- Location: Koh Kong province, Pursat province and Kampong Speu province, Cambodia
- Coordinates: 11°56′14″N 103°29′07″E﻿ / ﻿11.937227°N 103.485260°E
- Area: 4,010.65 km^{2} (1,548.52 sq mi)
- Established: 1999
- Governing body: Ministry of Environment

= Central Cardamom Mountains National Park =

National park in Cambodia

The Central Cardamom Mountains National Park is a protected area in the central parts of Cambodia's Cardamom Mountains, covering 4013.13 km2. It was established in 1999 as a protected forest under management by the Forestry Administration, and in 2016 the Ministry of Environment assumed responsibility.
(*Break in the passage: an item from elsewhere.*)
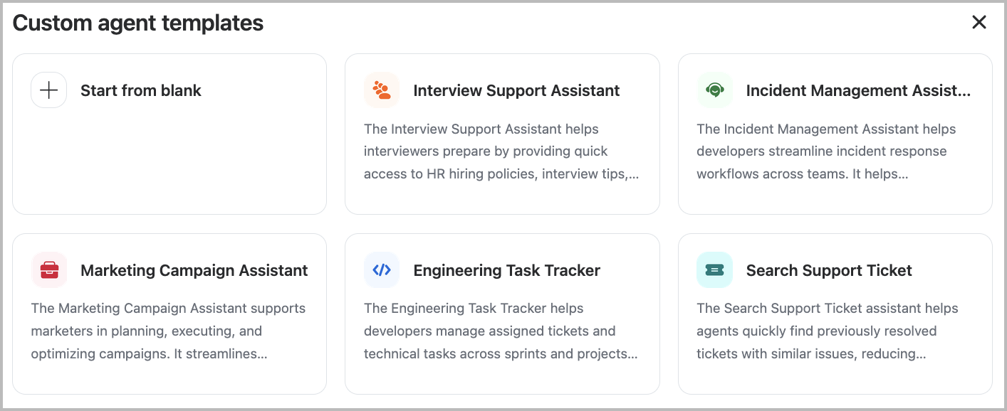 Ao criar um Agente Personalizado, os administradores podem Selecionar de uma lista predefinida de modelos ou começar com uma configuração em branco. Os modelos oferecem uma maneira rápida de lançar uma configuração pronta para uso, alinhada a funções ou fluxos de trabalho comuns, ajudando as organizações a expandir rapidamente os recursos de IA sem começar do zero.

The Central Cardamom Mountains National Park spans three provinces and is flanked east and west by Phnom Aural Wildlife Sanctuary and Phnom Samkos Wildlife Sanctuary respectively.

== Ecology ==
Central Cardamom Mountains National Park lies within the Cardamom Mountains rainforest landscape in southwestern Cambodia. The park spans an elevation range of about 20 to 1540 m and is dominated by evergreen and semi-evergreen forest.
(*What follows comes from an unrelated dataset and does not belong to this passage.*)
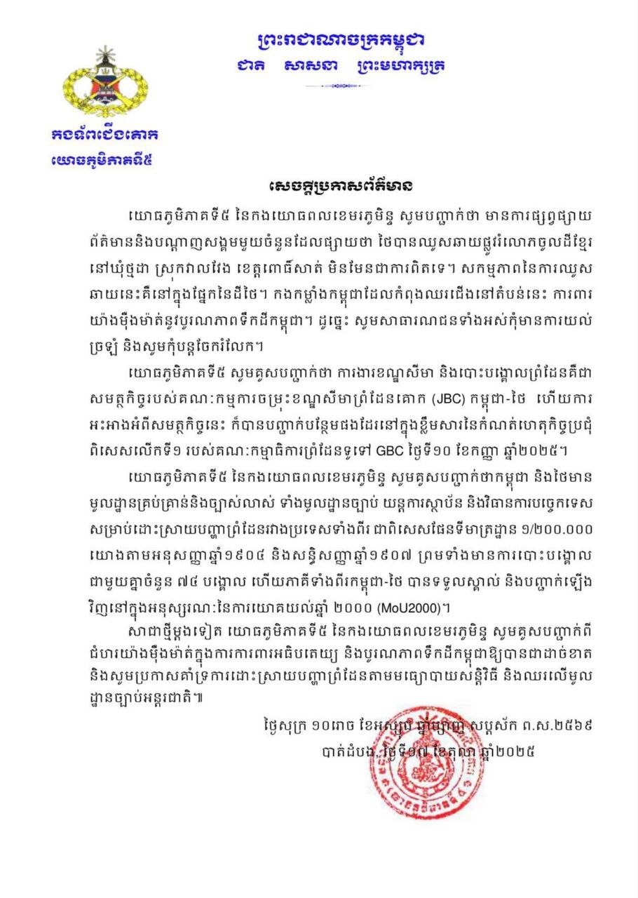 យោធភូមិភាគទី៥ នៃកងយោធពលខេមរភូមិន្ទ ច្រានចោលការផ្សព្វផ្សាយព័ត៌មាន និងបណ្តាញសង្គមមួយចំនួនដែលថា «ថៃបានឈូសឆាយផ្លូវរំលោភចូលដីខ្មែរ នៅឃុំថ្មដា ស្រុកវាលវែង ខេត្តពោធិ៍សាត់ គឺមិនមែនជាការពិតទេ»

Habitats described from the park include dense monsoon forest, melaleuca wetlands and coastal habitats such as mangroves and estuaries. The park also contains a network of rivers draining toward the Gulf of Thailand.

Between 2000 and 2015, forest loss in Central Cardamom Mountains National Park was estimated at 1.2% in a landscape-level assessment, and no economic land concessions were listed within the park in that compilation.

The park has been described as providing habitat for more than 400 vertebrate species, 70 fish species and more than 200 plant species, including species endemic to the region. Species recorded from the park include the Asian elephant, Asiatic black bear, clouded leopard and pileated gibbon.

Across the wider Cardamom Rainforest Landscape, systematic camera trap surveys from 2012 to 2016 recorded at least 30 species of medium to large ground-dwelling mammals. Frequently detected species in that compilation included the sun bear, clouded leopard and dhole, and domestic dogs were detected across surveyed areas.

Camera-trap data collected in 2016 have been used to estimate leopard cat density and occupancy across different forest types in Central Cardamom Mountains National Park using spatial capture–recapture and occupancy modelling.

== Climate ==

Koh Kong province, which includes part of the park, has a tropical monsoon climate with distinct rainy and dry seasons. The rainy season normally runs from April to October, with precipitation highest from June to September. In Koh Kong, monthly maximum temperatures are about 30–34 °C and monthly minimum temperatures about 22–25 °C. Annual rainfall recorded at Koh Kong averaged about 3,633 mm over 2000–2005.

== History ==
The project area was a former Khmer Rouge stronghold with settlements of Indigenous people and former Khmer Rouge families. Wildlife sanctuary designations were little known locally during the early 2000s, and traditional use of forest resources was common; the area was also large and difficult to monitor.

The park area has been treated as part of the Cardamom Mountains protected area complex, which includes the Central Cardamoms Protected Forest and the Phnom Aural Wildlife Sanctuary and Phnom Samkos wildlife sanctuaries. Conservation initiatives in the early 2000s included a Central Cardamom Protected Forest project implemented by the Forestry Administration under the Ministry of Agriculture, Forestry and Fisheries with support from Conservation International (2001–2004), alongside a separate wildlife sanctuaries project implemented by the Ministry of Environment with support from Fauna & Flora International (2003–2007). The two sub-projects operated under different jurisdictions and start dates, and the wildlife sanctuaries work included management planning, operational capacity building, community engagement, awareness-raising and development of long-term financing mechanisms.

==Tourism==
Tourism planning in the central Cardamoms has included proposals for small-scale ecotourism and user fees. Proposed activities have included a walking trail on Phnom Aural and birdwatching in Phnom Samkos Wildlife Sanctuary, with a gradual approach to visitation beginning with low-impact visits by students and researchers.

A national program supported by the United Nations Development Programme has aimed to promote ecotourism opportunities and conservation in the Cardamom Mountains–Tonlé Sap landscape.

==Human impacts==
Logging, road building and settlement expanded in the Cardamom Mountains in the 1990s alongside agricultural concessions, and commercial hunting and wildlife trade increased in the post-conflict period.

Ranger patrols in the park in 2022 documented illegal land encroachment and illegal logging and confiscated and destroyed traps and snares and other equipment used in illegal activities.